[Try it]: For the records below, copy exactly the span that begins at the line containing "La antena de" and stops after the line containing "木道と、ススキと、高原全体がきれいに見渡せて、とってもいい眺めです。", minus any pictures.

[Records supplied]:
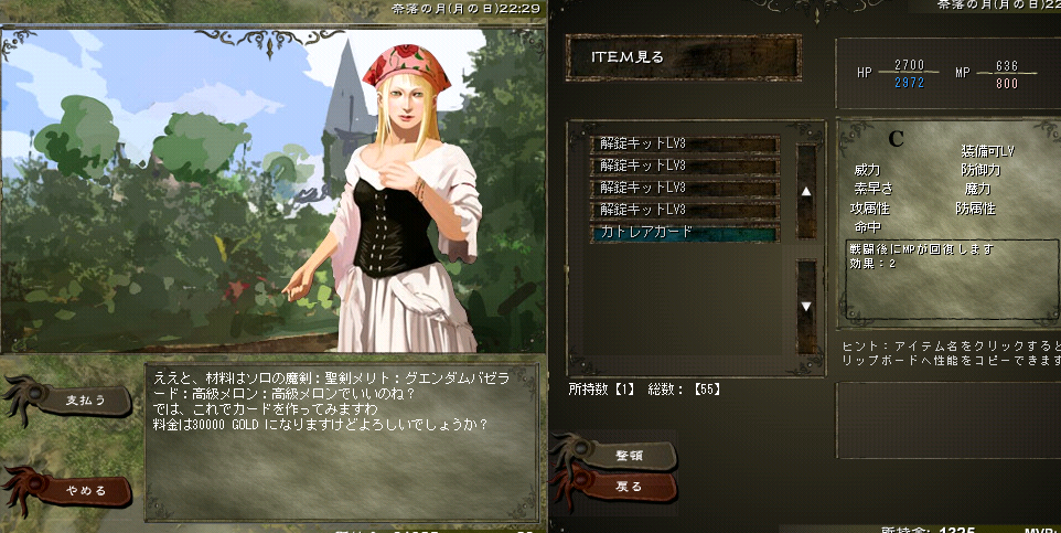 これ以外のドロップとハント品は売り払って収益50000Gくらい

==

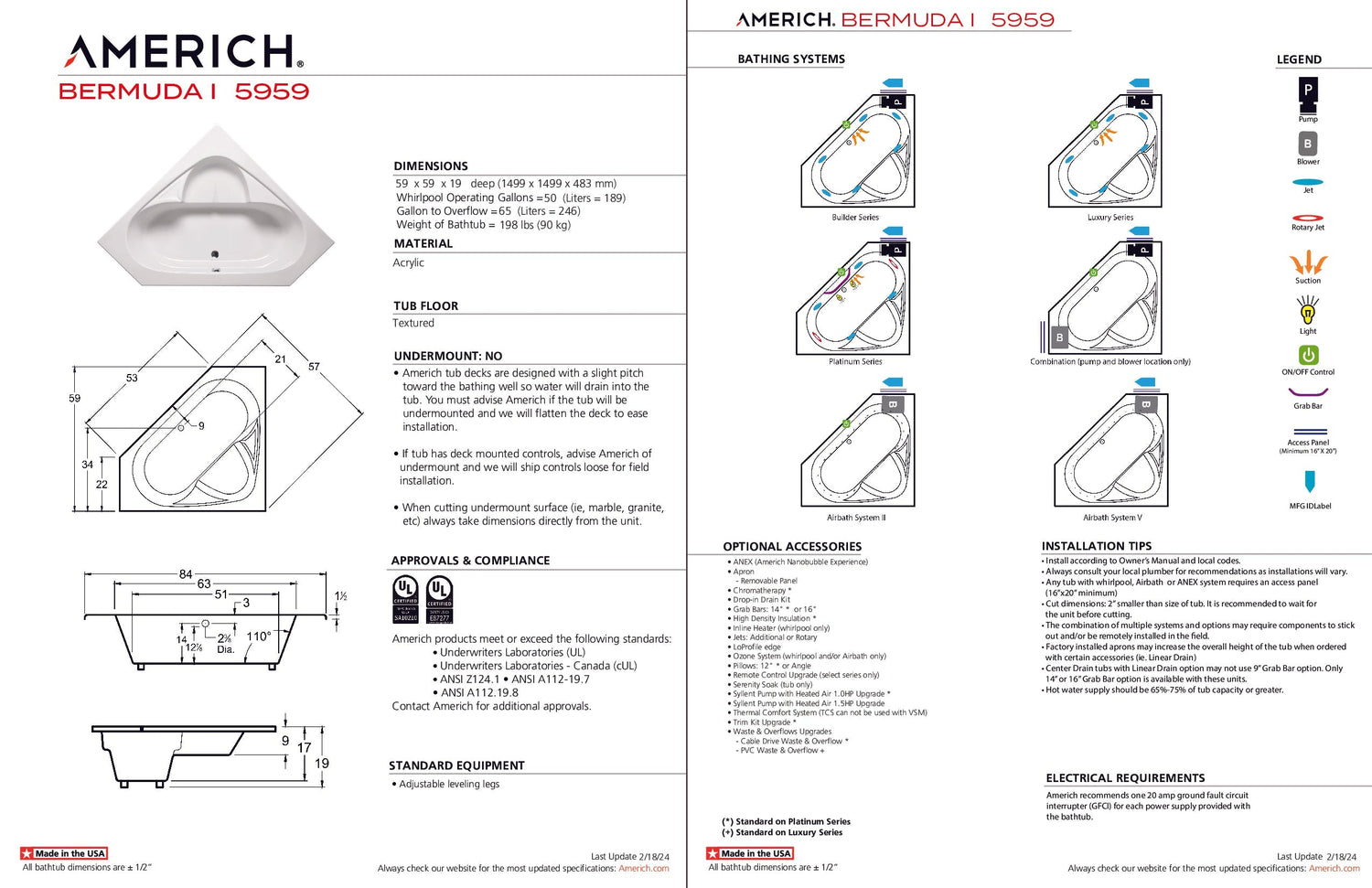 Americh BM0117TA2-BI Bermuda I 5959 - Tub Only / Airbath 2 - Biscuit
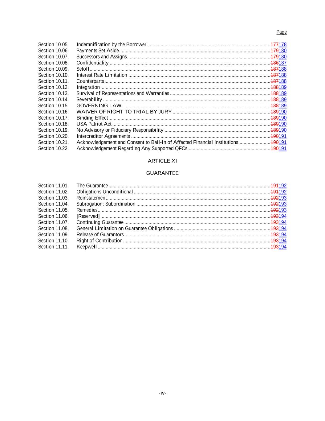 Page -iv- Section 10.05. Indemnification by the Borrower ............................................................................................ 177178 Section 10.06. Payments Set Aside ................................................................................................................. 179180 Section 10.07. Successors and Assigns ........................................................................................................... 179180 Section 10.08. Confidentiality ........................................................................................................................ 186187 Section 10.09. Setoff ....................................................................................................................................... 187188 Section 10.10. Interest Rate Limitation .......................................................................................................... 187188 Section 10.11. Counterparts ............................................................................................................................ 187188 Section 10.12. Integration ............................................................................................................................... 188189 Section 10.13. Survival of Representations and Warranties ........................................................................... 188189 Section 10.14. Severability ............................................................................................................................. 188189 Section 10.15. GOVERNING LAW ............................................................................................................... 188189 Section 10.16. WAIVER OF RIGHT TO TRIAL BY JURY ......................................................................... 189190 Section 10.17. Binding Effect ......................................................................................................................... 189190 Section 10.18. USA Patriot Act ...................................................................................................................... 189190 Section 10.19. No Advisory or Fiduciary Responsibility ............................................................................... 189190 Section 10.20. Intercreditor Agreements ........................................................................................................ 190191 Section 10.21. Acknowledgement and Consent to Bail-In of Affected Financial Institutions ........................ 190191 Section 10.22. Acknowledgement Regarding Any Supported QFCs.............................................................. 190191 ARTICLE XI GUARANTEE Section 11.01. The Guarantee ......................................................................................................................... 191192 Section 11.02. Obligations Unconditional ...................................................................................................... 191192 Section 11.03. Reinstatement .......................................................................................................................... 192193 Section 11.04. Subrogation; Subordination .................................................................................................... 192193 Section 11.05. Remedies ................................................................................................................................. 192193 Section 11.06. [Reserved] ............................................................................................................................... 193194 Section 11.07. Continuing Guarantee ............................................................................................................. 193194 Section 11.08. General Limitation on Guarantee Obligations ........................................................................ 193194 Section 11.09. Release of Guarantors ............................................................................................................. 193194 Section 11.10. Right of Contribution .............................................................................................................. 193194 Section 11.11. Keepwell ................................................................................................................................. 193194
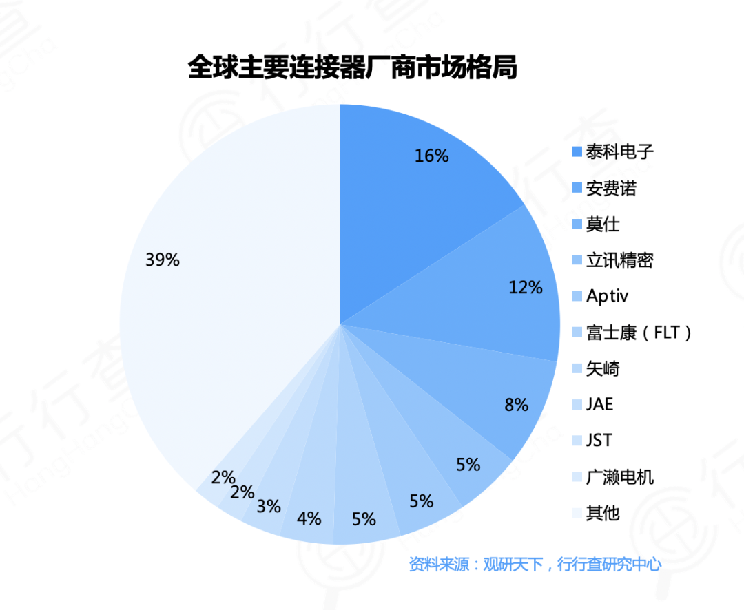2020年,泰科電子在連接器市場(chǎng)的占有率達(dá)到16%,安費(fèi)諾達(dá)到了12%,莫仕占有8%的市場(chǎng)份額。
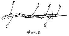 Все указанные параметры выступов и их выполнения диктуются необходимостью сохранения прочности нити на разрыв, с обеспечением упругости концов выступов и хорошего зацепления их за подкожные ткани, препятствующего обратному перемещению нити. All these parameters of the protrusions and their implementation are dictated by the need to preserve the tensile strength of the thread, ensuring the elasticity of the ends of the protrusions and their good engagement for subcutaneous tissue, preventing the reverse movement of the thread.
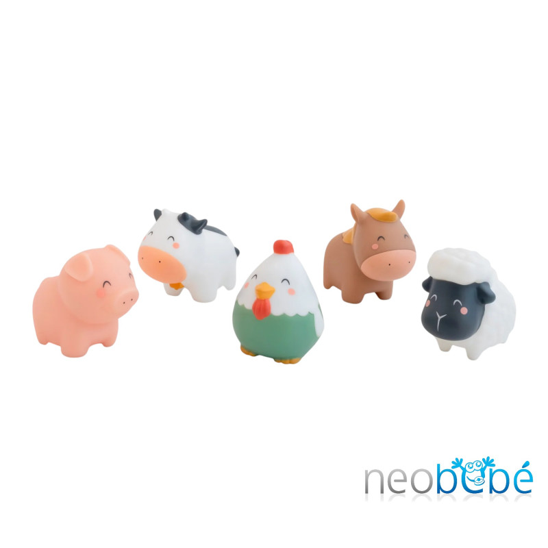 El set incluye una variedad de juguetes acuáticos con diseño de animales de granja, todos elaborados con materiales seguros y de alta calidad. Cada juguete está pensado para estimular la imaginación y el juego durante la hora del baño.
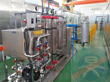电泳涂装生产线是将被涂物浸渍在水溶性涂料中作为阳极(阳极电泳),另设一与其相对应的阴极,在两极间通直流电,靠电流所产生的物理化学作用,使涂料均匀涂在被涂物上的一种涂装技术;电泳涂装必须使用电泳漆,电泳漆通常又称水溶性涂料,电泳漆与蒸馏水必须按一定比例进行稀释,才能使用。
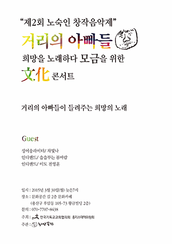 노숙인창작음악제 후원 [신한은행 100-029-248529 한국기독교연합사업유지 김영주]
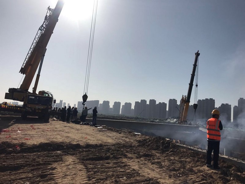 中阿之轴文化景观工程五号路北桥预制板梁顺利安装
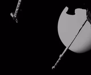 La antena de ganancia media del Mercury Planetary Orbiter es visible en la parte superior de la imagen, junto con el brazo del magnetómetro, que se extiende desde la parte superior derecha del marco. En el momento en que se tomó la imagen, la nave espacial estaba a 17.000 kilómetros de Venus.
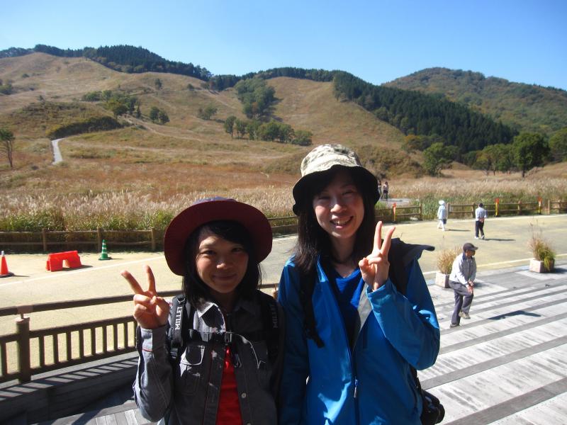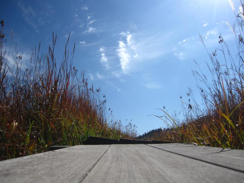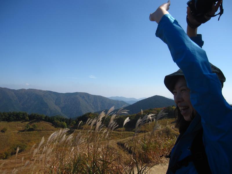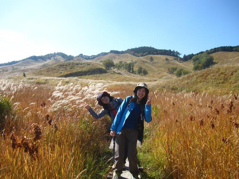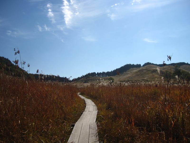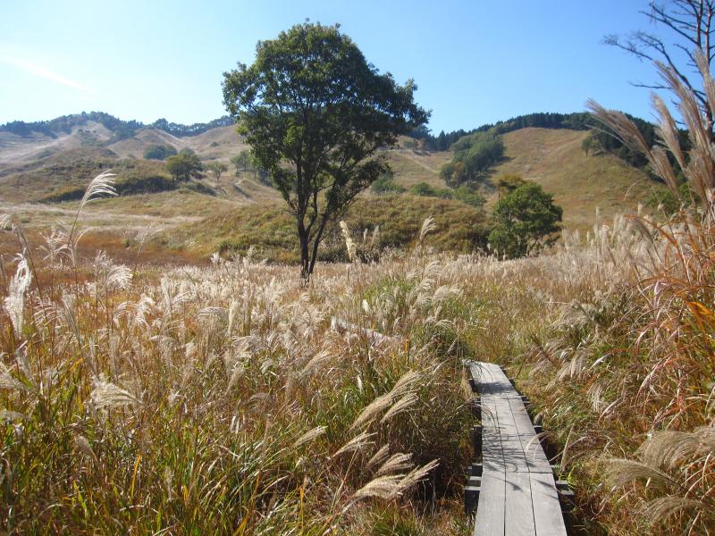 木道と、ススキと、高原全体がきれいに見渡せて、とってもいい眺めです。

[Response box]:
 La antena de ganancia media del Mercury Planetary Orbiter es visible en la parte superior de la imagen, junto con el brazo del magnetómetro, que se extiende desde la parte superior derecha del marco. En el momento en que se tomó la imagen, la nave espacial estaba a 17.000 kilómetros de Venus.
 木道と、ススキと、高原全体がきれいに見渡せて、とってもいい眺めです。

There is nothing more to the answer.